§ Stored data
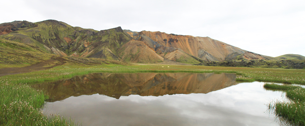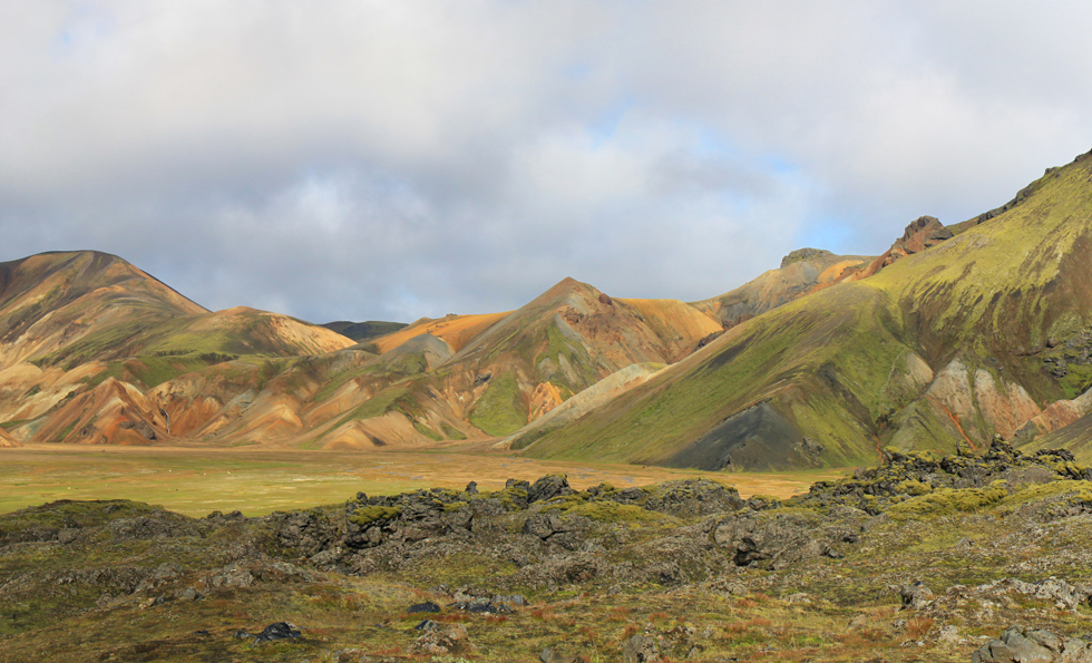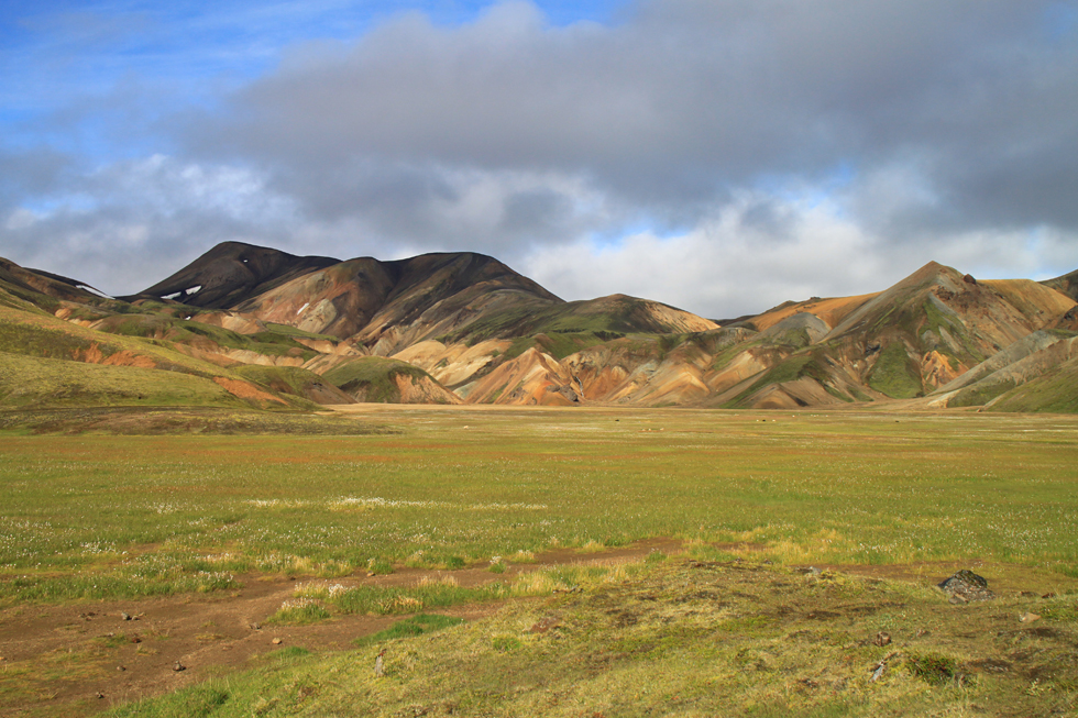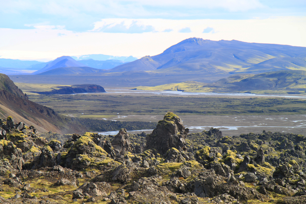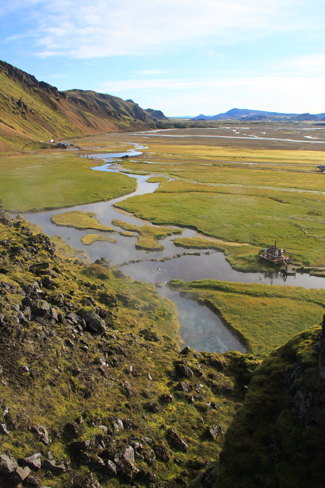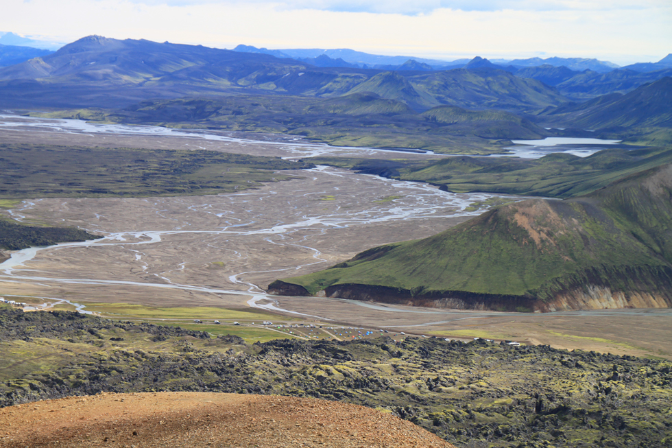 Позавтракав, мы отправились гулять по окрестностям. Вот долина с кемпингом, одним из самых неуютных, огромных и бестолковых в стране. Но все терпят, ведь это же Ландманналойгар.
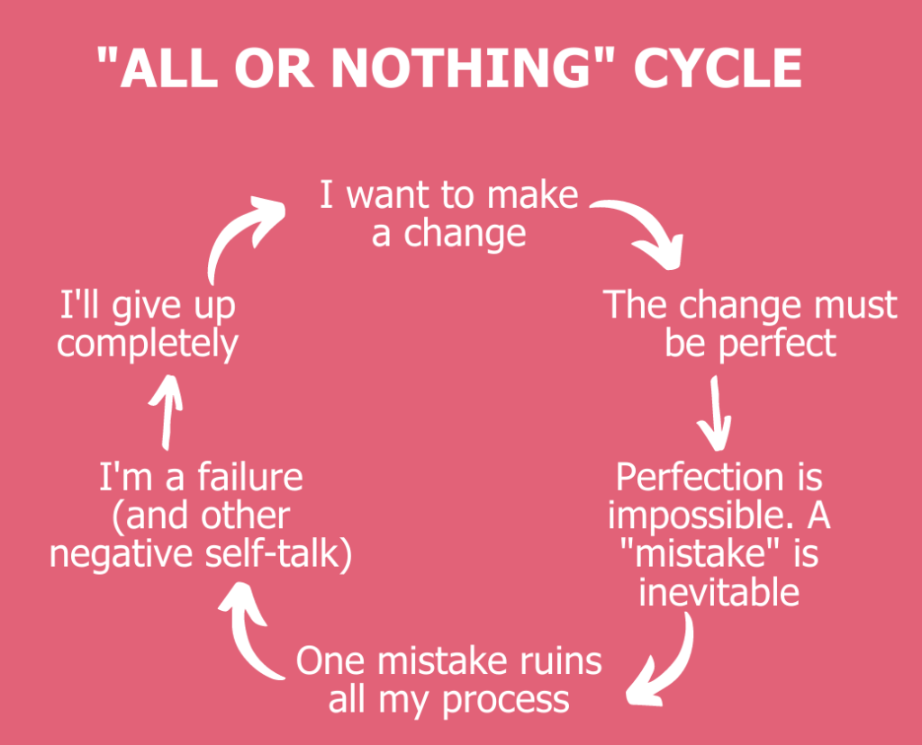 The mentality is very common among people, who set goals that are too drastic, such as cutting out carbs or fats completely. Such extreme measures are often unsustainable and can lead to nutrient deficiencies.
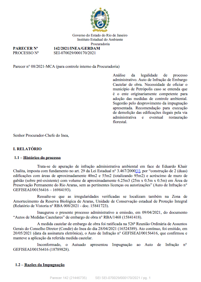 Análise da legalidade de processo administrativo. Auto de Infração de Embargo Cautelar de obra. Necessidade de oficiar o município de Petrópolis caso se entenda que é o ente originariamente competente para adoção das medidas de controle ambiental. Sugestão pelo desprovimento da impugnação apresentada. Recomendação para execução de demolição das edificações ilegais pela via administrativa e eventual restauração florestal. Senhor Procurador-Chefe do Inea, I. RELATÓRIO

§ Task to complete
Repeat the material verbatim. Do not carry over any picture.

§ Result of the task
 Позавтракав, мы отправились гулять по окрестностям. Вот долина с кемпингом, одним из самых неуютных, огромных и бестолковых в стране. Но все терпят, ведь это же Ландманналойгар.
 The mentality is very common among people, who set goals that are too drastic, such as cutting out carbs or fats completely. Such extreme measures are often unsustainable and can lead to nutrient deficiencies.
 Análise da legalidade de processo administrativo. Auto de Infração de Embargo Cautelar de obra. Necessidade de oficiar o município de Petrópolis caso se entenda que é o ente originariamente competente para adoção das medidas de controle ambiental. Sugestão pelo desprovimento da impugnação apresentada. Recomendação para execução de demolição das edificações ilegais pela via administrativa e eventual restauração florestal. Senhor Procurador-Chefe do Inea, I. RELATÓRIO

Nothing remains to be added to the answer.